# Western Saddle Identification



## brandonreinhart (Feb 24, 2016)

I think you could get by doing almost anything out of this saddle. Roping steers might be tough as there isn't much of a horn to dally on and in a calf roping saddle usually the cantle is real low and so is the swell/horn so when your horse takes the jerk of the calf the shot through the saddle isn't so bad so I might rule roping out. If I had to put a guess I'de say this was used for a bit of barrel racing given the height of the cantle as well. As long as the tree is in good shape I think your set to do whatever your heart desires out of that sucker.


As for maker, if you look under the seat jockey (part of leather where your thighs make contact) some saddle makers will stamp their name and a serial number for identification. you'll have to lift up the leather between the underskirt if its there!


----------



## natisha (Jan 11, 2011)

The concho design, partial buckstitching & cut of leather around the horn are exactly like my Circle Y that I bought in 1976.
Back in the day the silver rope on the front & back along with the darker color was popular. I have another saddle like that that I bought in the 80's & still use.
My guess is, using my memory of decades past, is it was an Arabian show saddle. Back then the round skirts were mainly seen in Arab show saddles or barrel racing saddles but the barrel racing saddles weren't as fancy as you see today or like your saddle.
Good find no matter the maker.


----------



## Tack Collector (Nov 10, 2009)

Arabian show saddle is what it is. '70s, but hard to say what year.

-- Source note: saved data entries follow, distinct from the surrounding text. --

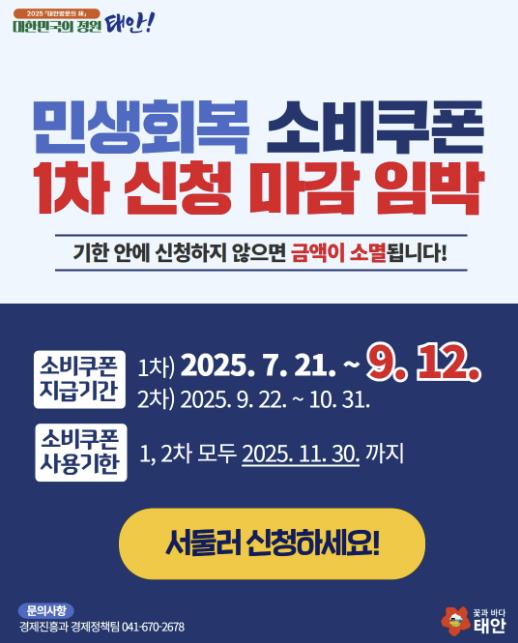 1차 소비쿠폰 신청은 온·오프라인으로 가능하며, 신용·체크카드 또는 태안사랑상품권 중 원하는 지급방식을 선택할 수 있다. 미성년자의 경우 주민등록 세대주가 신청·수령하면 된다.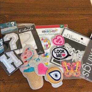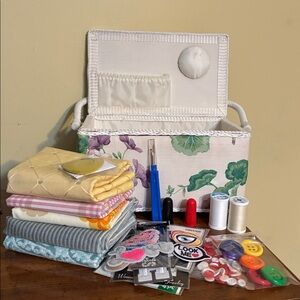 -stocked with 2 spools thread, 2 thimbles, seam ripper, dozens of buttons, 14 embroidery patches, Taylor’s chalk, 5 pieces of fabric/each about 18x18”
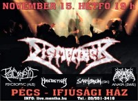 A svéd death metal rajongói számára kihagyhatatlan koncertnek ígérkezik a Dismember novemberi fellépése. A rendezvény pontosan november 15-én, Pécsen kerül megrendezésre. Remélhetőleg a hétköznapi időpont és a vidékre való leutazás ellenére sokan megtekintik a Dismembert, mert egy nagy múltú és kiváló banda.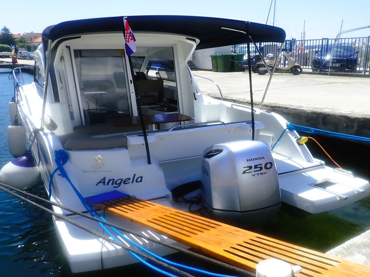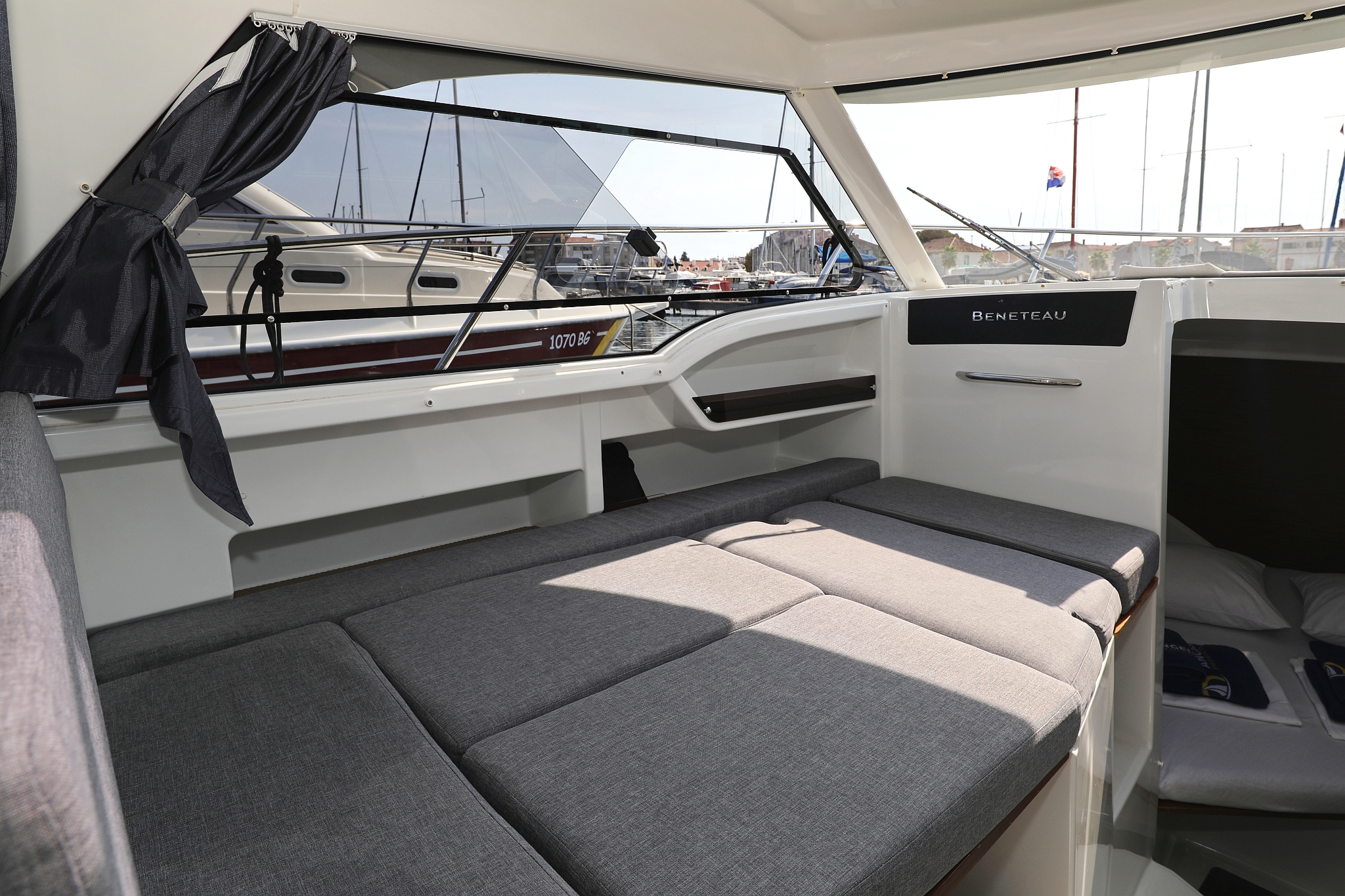 | Outside | Anker mit Kette, Badeleiter, Badeplattform, Bootshaken, Cockpitdusche, Cockpitlautsprecher, Cockpitpolster, Cockpittisch, Deckpolster, elektr. Ankerwinsch, Fender, Festmacherleinen, Gangway, Hardtop, Wasserschlauch |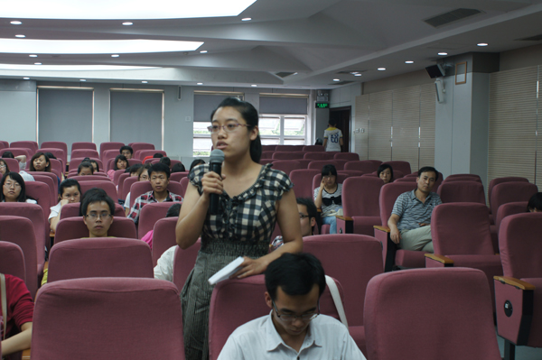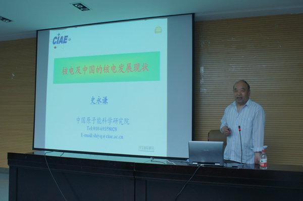 史教授的报告从什么是核电,核裂变能装置?—核反应堆,中国核电的发展,日本大地震的核辐射四个方面对核电的基本知识进行了讲解。在谈到中国核电发展时,史教授指出中国核电是上世纪六十年代才起步的,到八十年代后,由于经费紧张等原因而对核燃料等研究领域投入不足,致使这些领域成了更为的薄弱环节。目前,我国核能科技水平与发达国家存在明显差距,但是他坚信,中国能在核电领域取得突破。在谈到日本大地震后的核电辐射处理问题时,史教授认真地总结了对中国核电日后发展的教训和启示,同时告诉同学们不要“谈核色变”,只要进行有效的控制,核能是非常安全的。
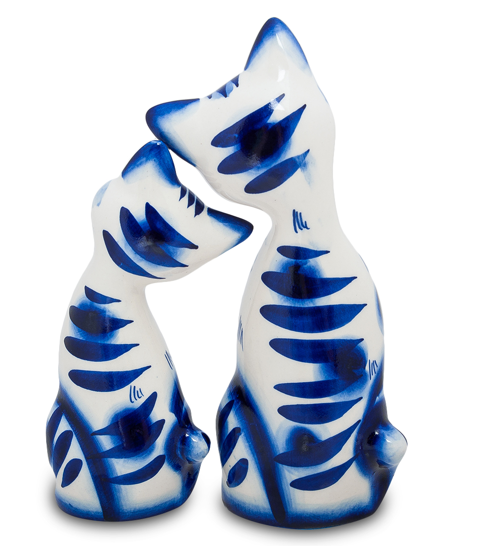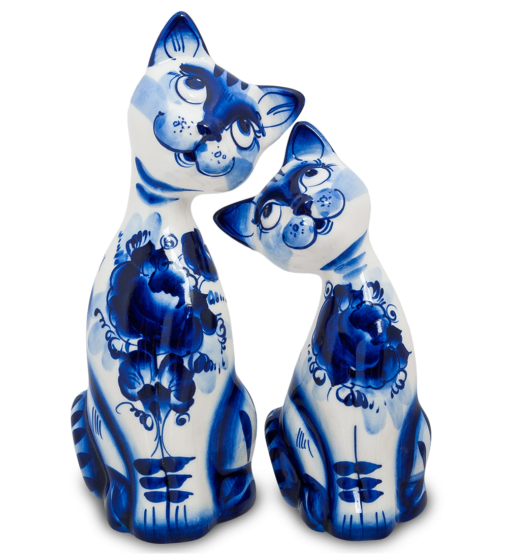 Гл-237 фигурка пара котов бол. (гжельский фарфор)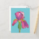 Una postal floral decorada con una flor de iris rosa y violeta de bonito pintada con tinta negra y acuarela en varios tonos rosa y violeta con verde oliva para el tallo en un fondo azul turquesa. Puede cambiar el color de fondo para que se ajuste a sus necesidades.
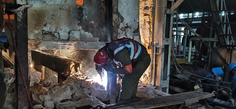 检修,生产,双线并行,炼钢5#转炉检修现场,施工人员正在紧张作业,平台上,指挥人员时不时朝对讲机传达指令,平台下方驻扎的巨大吊车不停转动,5#转炉检修正在进行;而在5#转炉左侧,6#转炉火红的铁水正往转炉中倾倒,迸溅出绚烂的钢花,生产顺利进行,这是公司年终检修,生产两条主线的写照,针对检修区域,公司采取强化信息沟通,现场跟进检修进度,紧抓现场安全,把好备材质量验收关等措施;针对生产区域,公司采取原监管措施不变 太阳集团官方网站,强化与检修共用系统的数据传输,电气联锁等关键点的点检工作监管力度,确保检修生产双线顺利运行。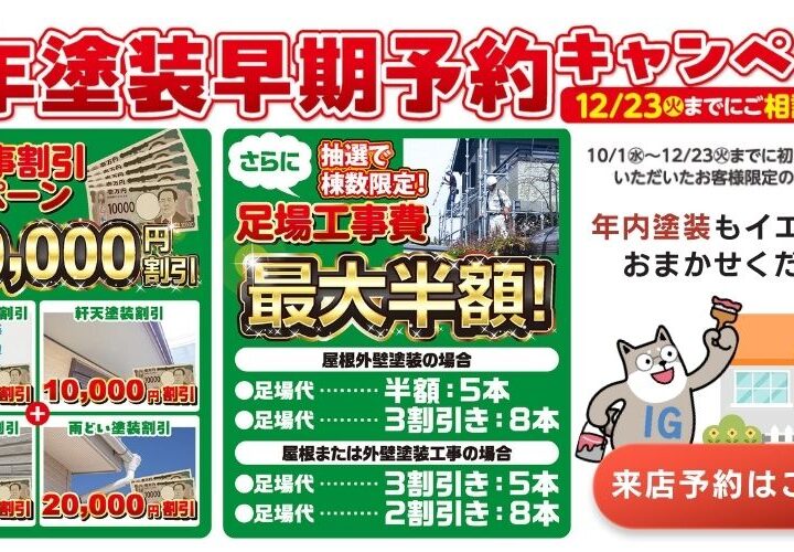 【最大半額のチャンス!】イエガードの早期予約キャンペーンで賢くリフォーム! 家を守るための屋根・外壁塗装は、計画的な実施が重要です。 今回、屋根・外壁・塗装の専門店イエガードでは、 大変お得な「早期予約キャンペーン」を実施中です。 創業1955年、創業70年を迎える地域密着の専門店、 イエガードは、お家の「本当の必要な工事」を提案する 確かな診断と全塗装専門力で安心をお届けしています。 このお得なキャンペーンの詳細をご紹介します! 1.キャンペーン期間と対象者 この早期予約キャンペーンは、10月1日(火)から12月23日(火)までの間に、 イエガードに初めてお問い合わせいただいたお客様限定です。 年内にご相談いただくことで、 来年の工事に向けて計画を立てる大きなチャンスとなります。 2.二つの柱:大幅な割引特典 今回のキャンペーンの核となる特典は、価格面での大きなメリットです。 (1) 塗装工事割引キャンペーン:最大50,000円OFF 通常の塗装工事に加え、以下の工事を組み合わせることで、割引が適用されます。 足場工事とあわせてご契約の場合:50,000円割引 軒天塗装割引:10,000円割引 シーリング工事割引:10,000円割引 雨どい塗装割引:10,000円割引 (2) 棟数限定!抽選で足場工事費が最大半額になるチャンス! この早期予約キャンペーン最大の目玉は、 足場工事費が大幅に割引となる抽選企画です。 足場代は塗装工事費用の大きな割合を占めますが、 今回の特典を利用できれば、大幅なコスト削減が期待できます。 屋根・外壁塗装の場合:足場代最大半額 屋根のみの工事の場合:足場代3割引き 外壁のみの工事の場合:足場代2割引き( 棟数が限定されていますので、 早期にご相談くださいm(__)m 3.ご来場特典も見逃せない! イエガードのショールームにご来店いただき、 アンケートにご回答いただいた方には、 スコッティティッシュ5箱組1セットプレゼント! 無料見積もりや 実物を見て安心・納得したい方は、 ぜひショールームへお越しください。 4.イエガードが提供する安心の品質 イエガードは、屋根・外壁・塗装の専門家として、 お客様の住宅を徹底的に診断し、 「本当に必要な工事」だけを提案することをモットーとしています 5.まとめ 「早期予約キャンペーン」は、 期間が12月23日(火)までと迫っています。 特に足場代の割引抽選は、非常にお得な機会です。 塗装時期を検討されている方は、 まずはお問い合わせ・ご相談ください! 2025年10月05日 更新お知らせチラシ情報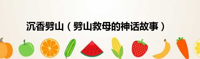 沉香劈山(劈山救母的神话故事)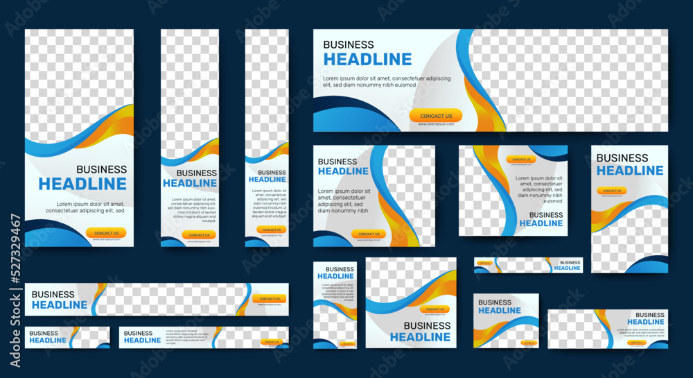 Web banner template design set layout with photo and text space - white and blue - business advertisinSticker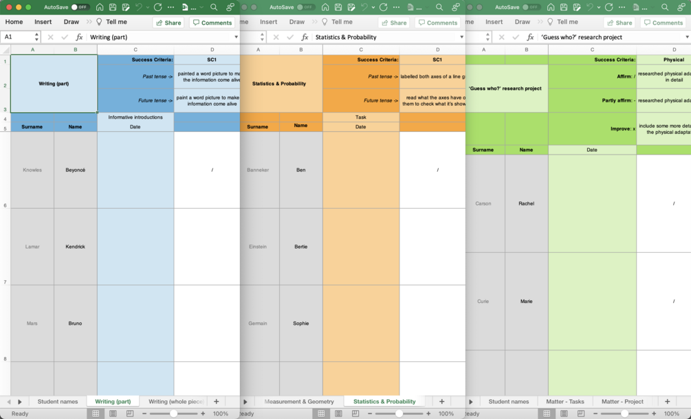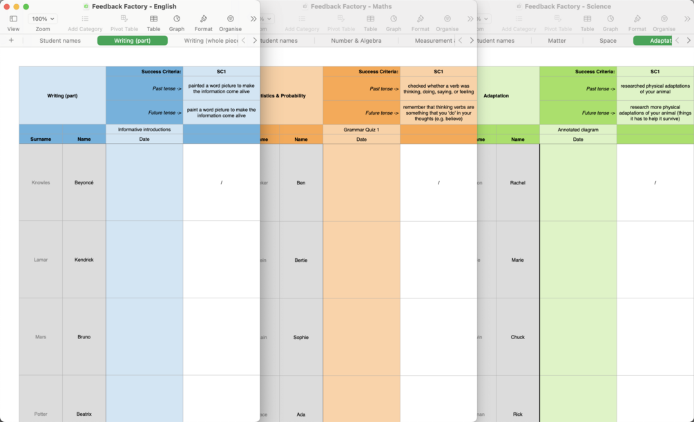 - These subject-specific templates are set up specifically for generating and recording all your valuable feedback for multiple tasks across multiple areas.
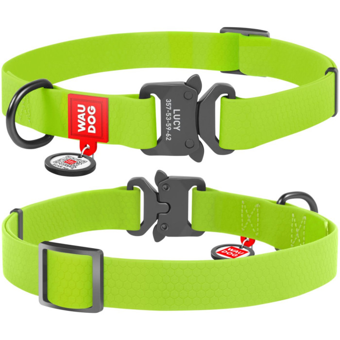 Нашийник WAUDOG Waterproof з QR паспортом, водостійкий, металева пряжка-фастекс, салатовий XL 35-58 см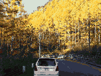夕方にここを通ったのですが,夕日が木々に当たり,黄金色に輝く紅葉が見事でした.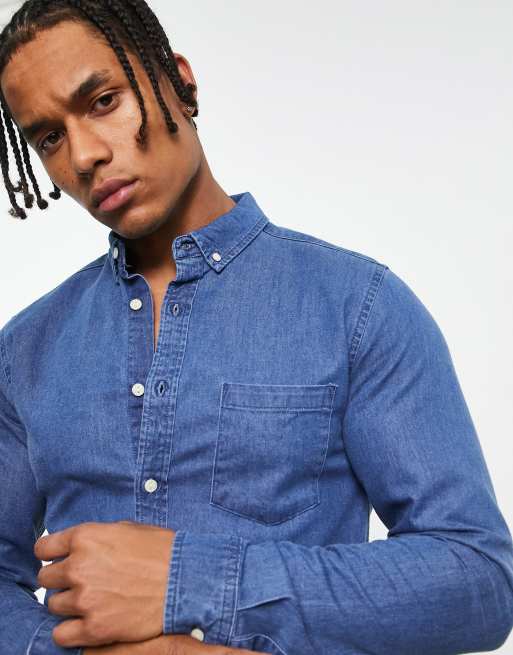 ASOS DESIGN slim denim shirt in mid wash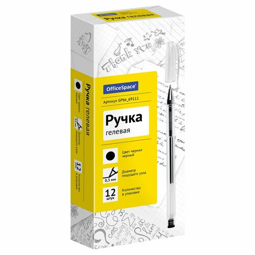 Ручка гелевая 12 шт OfficeSpace "Classic" черная, 0,5 мм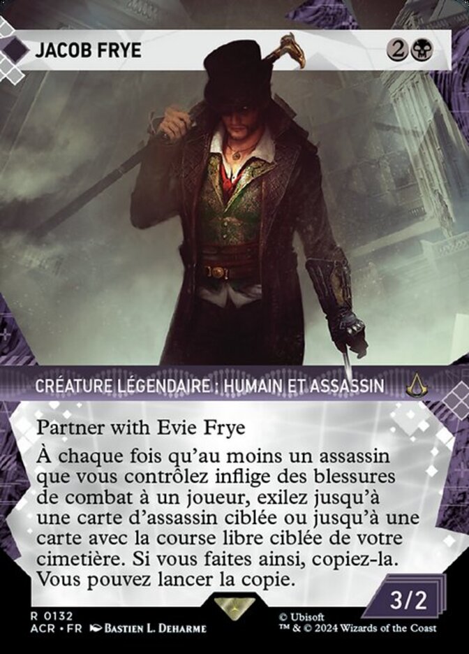 | Rules | Partner with Evie Frye (When this creature enters the battlefield, target player may put Evie into their hand from their library, then shuffle.) Whenever one or more Assassins you control deal combat damage to a player, exile up to one target Assassin card or card with freerunning from your graveyard. If you do, copy it. You may cast the copy. |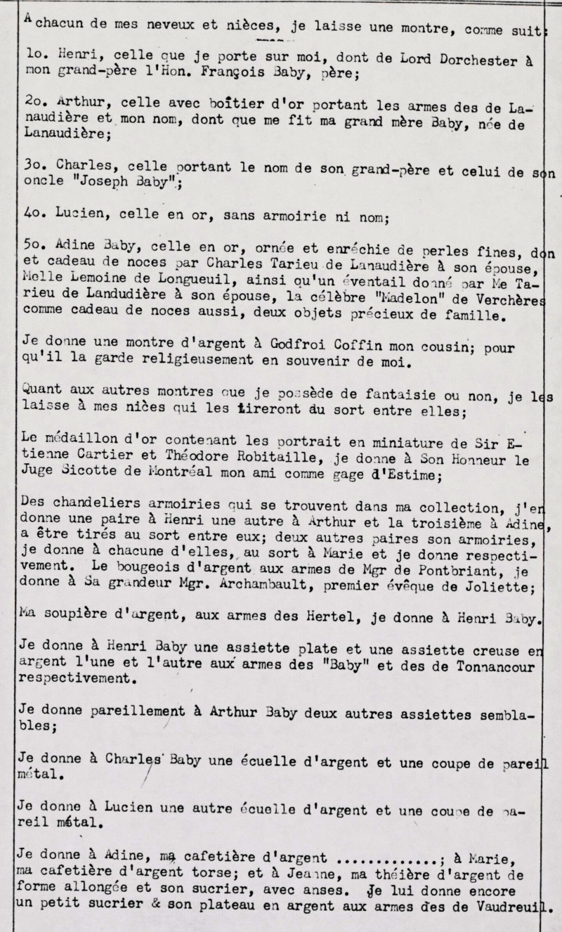 Le juge Baby avait rassemblé une importante collection d’argenterie, orfèvrerie et autres trésors qu’il a partagée entre les membres de sa famille et des amis. Son argenterie devait être pesée et distribuée; il y avait 3 madones, la croix de St-Louis de son ancêtre Tarieu de Lanaudière, une Bible pour l’Université Laval, des horloges, des montres, etc.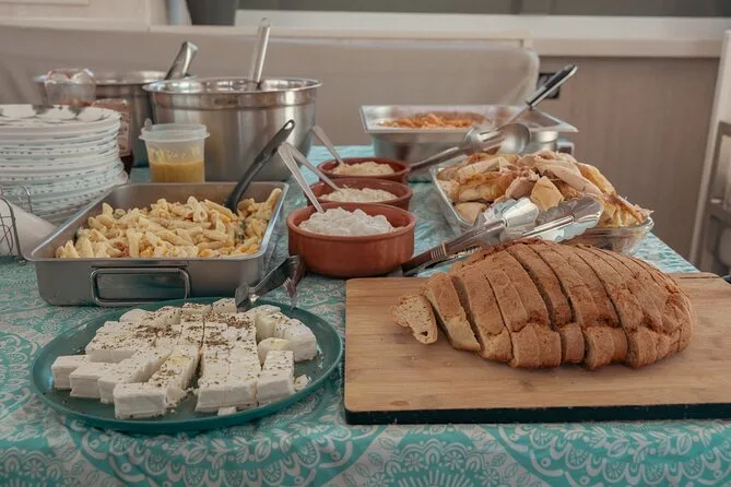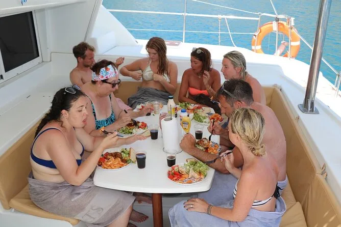 La giornata include panini per colazione mentre lasci Mandraki Harbor, tutte le bevande (bibite, birra, vino bianco), pranzo in stile mediterraneo ancorati vicino ad Afandou Beach, frutta fresca durante tutto il viaggio, uso dell’attrezzatura per lo snorkeling per ogni sosta bagno alla Baia di Anthony Quinn e alle sorgenti di Kallithea — inoltre acqua in bottiglia sempre a disposizione e servizi igienici a bordo per il massimo comfort tra una nuotata e l’altra.

If it was a Billy Royal, that white buckstitching would mean it was made early in the first half of the '70s because after that, they used dark brown buckstitching and stitched everything with dark brown thread. Other brands might have made the older styles into the early '80s.

Brand might be American. Or Buford, or some small regional company. It looks USA-made. The metal lacing on gullet and cantle is most likely stainless steel. The conchos are most likely "German silver" which is nickel, or they are silver-plated. That's not a bad saddle for the right price, but it's an average quality budget or entry level model, and it's construction is probably equivalent to today's High Horse and Tex Tan with the Ralide trees. The tooling is embossed, not hand tooling.

Just for comparison, this is a top quality vintage Circle Y Arabian show saddle with sterling conchos and lacing and hand tooling:








This is a early '70s Billy Royal that has that white buckstitching.








Those '70s saddles and other brands like Victor, Rios, Ryan, Broken Horn, and others, were the top quality show saddles of the day. Saddles like American, lower end Simco, Buford, etc. made less expensive saddles that were more like trail saddles with some silver and some embossing.


This is a modern Dakota Arabian saddle. 









There's nothing wrong with the saddle you have, if you didn't pay too much for it. It would sell for $150 or less or so here, but there are lots of old western saddles to pick from here, too. I'm just pointing out the difference between it and the great old '70s show saddles.


----------



## YellowUnicorn (Oct 31, 2016)

> There's nothing wrong with the saddle you have, if you didn't pay too much for it. It would sell for $150 or less or so here, but there are lots of old western saddles to pick from here, too. I'm just pointing out the difference between it and the great old '70s show saddles.


I paid $175, but it came with a few other random pieces of tack- a draft horse headstall, a nice dark oil breast collar from the 50's, a set of nicely broken in leather split reins and a pretty vintage black leather headstall with silver on it, which happens to match the saddle nicely. 

For future reference, how would I go about telling if the silver is real or not? I mean, sometimes you can tell just by looking at it, but others it's iffy. Having never owned a saddle with any sort of shiny bits on it I wouldn't know where to start. 

Someone I met who deals with older/vintage saddles said it looked to have been made in the 50's by the type of leather and style. I have zero idea if there's a way to tell by that lol. Whether it was made in the 50's or the 70's doesn't matter much to me, I'm a lover of the unique and weird so this saddle suits me to a T. ??


----------